Ma il senso è piuttosto chiaro: non tutti i giochi vengono per nuocere.
E non sono affetti da ludopatia neppure gli adulti, che giocano non solo per il proprio divertimento ma anche per favorire socializzazione e inclusione. No, non parlo di poker on-line. Per capire meglio la dimensione, la funzione e gli effetti del gioco in età adulta possiamo prendere ad esempio un evento popolare (e internazionale) come Lucca Comics & Games. Una manifestazione che ogni anno, nei cinque giorni di festival, conta migliaia di eventi, circa mezzo milione di presenze e un indotto economico che ha raggiunto – e forse superato – i 56 milioni di euro. Così tante persone in una piccola città. Una concentrazione che mette a dura prova l'ordine pubblico. Eppure, come accade ogni anno da mezzo secolo a questa parte, non ci sono furti o aggressioni. Nessun litigio in coda, sia in stazione sia alle biglietterie. Nessun automobilista attaccato al clacson con occhi iniettati di sangue. All'ingresso dei padiglioni, sugli scalini delle chiese o di fronte a bar e negozi di alimentari la gente non sgomita né cerca furbescamente di scalare posizione. «Grazie, prego, si accomodi, prima lei, ci mancherebbe». Il popolo di Lucca Comics è gentile, educato, sorridente. Anzi, come si dice da queste parti è perfino garbato. È felice di essere dove si trova e per questo non sente il peso del tempo che scorre. Se potesse lo rallenterebbe, il tempo. Nei momenti di attesa e nelle pause socializza e costruisce nuove amicizie.

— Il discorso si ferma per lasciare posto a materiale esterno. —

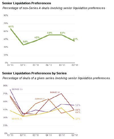 - Data on first half of 2012 financing terms show a substantial use of senior liquidation preferences, which appear in 47% of all rounds and a majority of Series D and higher rounds. Participating liquidation preferences are also common, appearing in majority of all rounds, and uncapped in approximately two-thirds of the cases.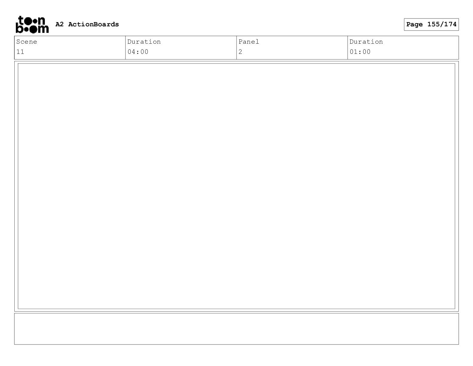 Scene 11 Duration 04:00 Panel 4 Duration 01:00 A2 ActionBoards

Ma il popolo di Lucca Comics è anche un popolo di giocatori. Così, mentre ovunque si cerca di combattere contro quella che erroneamente viene definita ludopatia, a Lucca tutti giocano. Ovunque. Certo, non digitando sulle slot o scorticando con una monetina un biglietto gratta e vinci. Qua il gioco esiste ed è intelligente. Un contesto nel quale, non a caso, è stato presentato il nuovo "Game Science Center" creato dalla società Lucca Crea e dalla Scuola Imt. L'obiettivo, s'intuisce già dal nome che gli è stato dato, è di coordinare le attività di ricerca nazionali e internazionali in cui è presente il tema del gioco.
Ecco che, ancora una volta, ci troviamo di fronte alla necessità di specificare. Il gioco non è più solo un gioco. Ma è un gioco intelligente o di società. Quindi, se possibile, quando parliamo dei miliardi spesi in slot e gratta e vinci, etichettando il fenomeno che spinge alla dipendenza e alla povertà cerchiamo di utilizzare il sostantivo "azzardopatia".